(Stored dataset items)
_ _ _ _ _ _ _

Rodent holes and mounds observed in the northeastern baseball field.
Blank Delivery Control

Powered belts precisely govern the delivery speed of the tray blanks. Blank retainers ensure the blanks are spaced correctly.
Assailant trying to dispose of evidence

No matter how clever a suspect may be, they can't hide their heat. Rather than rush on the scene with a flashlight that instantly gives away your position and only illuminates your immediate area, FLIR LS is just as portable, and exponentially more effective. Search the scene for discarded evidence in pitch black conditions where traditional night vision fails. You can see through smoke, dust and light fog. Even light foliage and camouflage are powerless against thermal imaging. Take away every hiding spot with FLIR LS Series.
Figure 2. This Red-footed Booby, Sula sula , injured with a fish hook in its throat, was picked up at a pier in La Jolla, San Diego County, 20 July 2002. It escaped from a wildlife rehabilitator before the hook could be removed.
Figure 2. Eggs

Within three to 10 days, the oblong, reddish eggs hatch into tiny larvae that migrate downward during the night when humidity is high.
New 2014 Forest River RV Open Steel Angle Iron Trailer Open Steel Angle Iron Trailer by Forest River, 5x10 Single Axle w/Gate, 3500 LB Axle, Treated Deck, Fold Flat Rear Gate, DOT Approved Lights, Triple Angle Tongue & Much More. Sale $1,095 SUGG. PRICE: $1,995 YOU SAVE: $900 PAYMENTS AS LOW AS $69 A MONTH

_ _ _ _ _ _ _

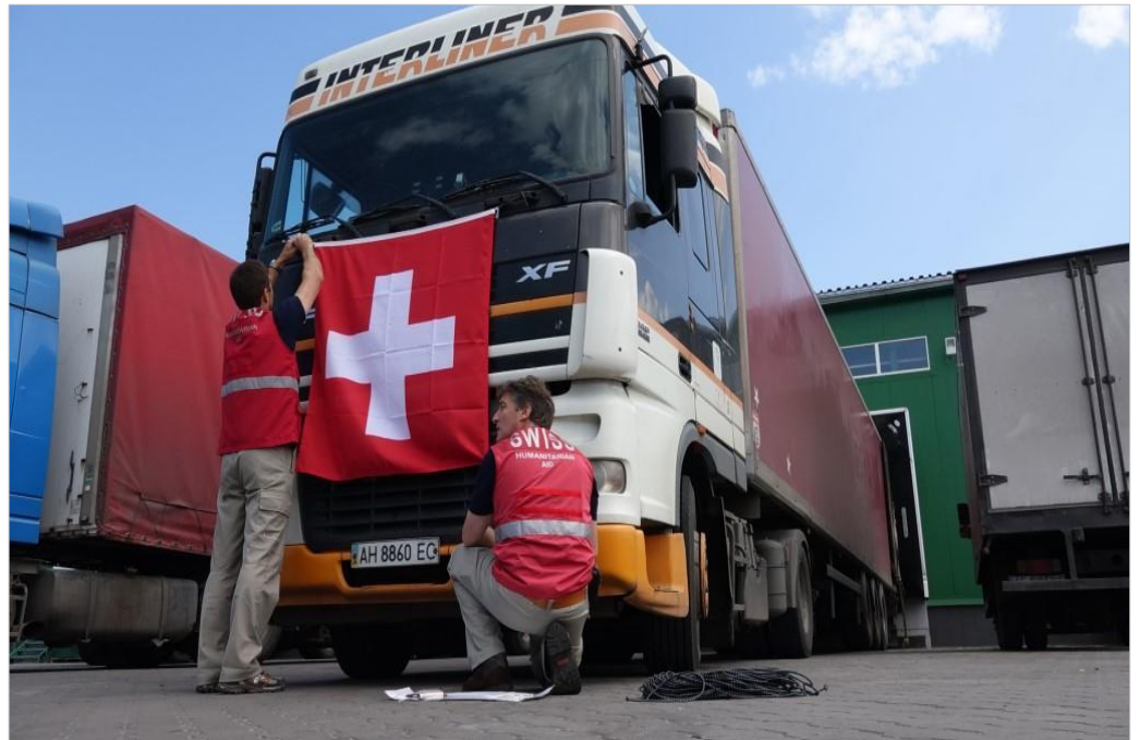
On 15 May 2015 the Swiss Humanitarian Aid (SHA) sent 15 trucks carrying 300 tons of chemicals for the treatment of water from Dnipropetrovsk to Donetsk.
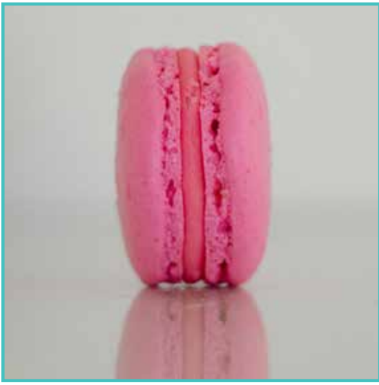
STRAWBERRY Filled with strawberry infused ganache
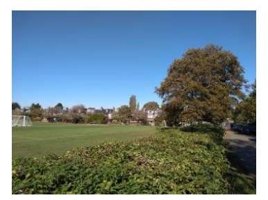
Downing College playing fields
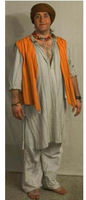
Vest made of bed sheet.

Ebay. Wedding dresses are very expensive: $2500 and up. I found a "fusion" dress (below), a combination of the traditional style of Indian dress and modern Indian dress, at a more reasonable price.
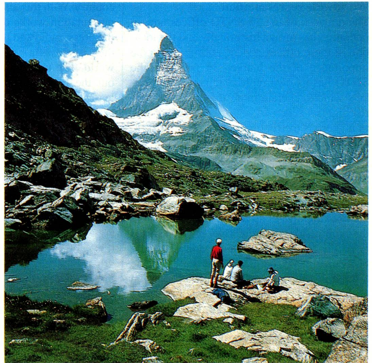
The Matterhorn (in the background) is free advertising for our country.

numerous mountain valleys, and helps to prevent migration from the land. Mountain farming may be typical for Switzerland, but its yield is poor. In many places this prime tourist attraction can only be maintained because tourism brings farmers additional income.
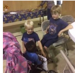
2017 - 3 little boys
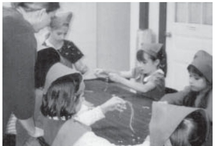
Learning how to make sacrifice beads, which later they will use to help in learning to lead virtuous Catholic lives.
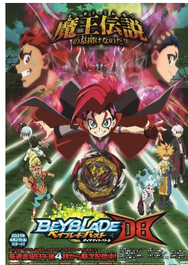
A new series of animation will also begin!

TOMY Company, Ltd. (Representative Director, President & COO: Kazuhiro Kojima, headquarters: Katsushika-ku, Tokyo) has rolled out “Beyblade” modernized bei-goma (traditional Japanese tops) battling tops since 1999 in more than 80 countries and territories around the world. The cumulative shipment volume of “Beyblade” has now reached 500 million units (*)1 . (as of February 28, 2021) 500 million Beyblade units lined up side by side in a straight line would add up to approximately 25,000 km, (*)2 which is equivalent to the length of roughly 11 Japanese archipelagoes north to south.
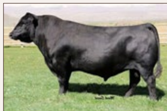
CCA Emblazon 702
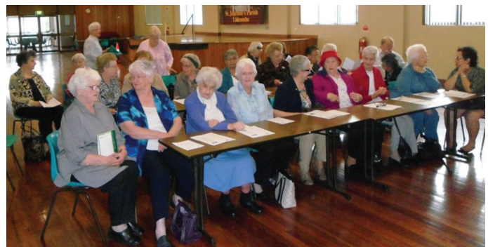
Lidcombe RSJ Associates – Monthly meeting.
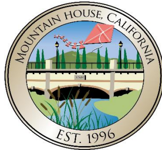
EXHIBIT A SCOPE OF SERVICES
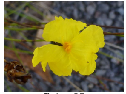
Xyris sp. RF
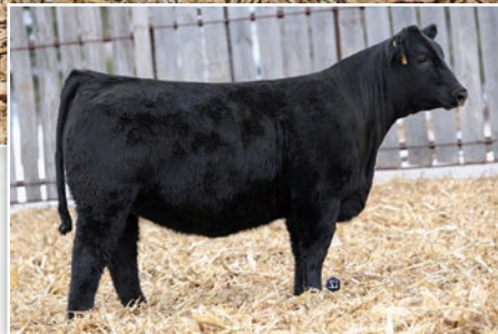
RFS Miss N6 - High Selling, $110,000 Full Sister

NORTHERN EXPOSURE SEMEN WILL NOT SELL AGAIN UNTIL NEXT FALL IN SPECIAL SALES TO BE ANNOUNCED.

_ _ _ _ _ _ _

__To do__. Out of the entries, pull every line that mentions "Blank".

__Task result__.
Blank Delivery Control
Powered belts precisely govern the delivery speed of the tray blanks. Blank retainers ensure the blanks are spaced correctly.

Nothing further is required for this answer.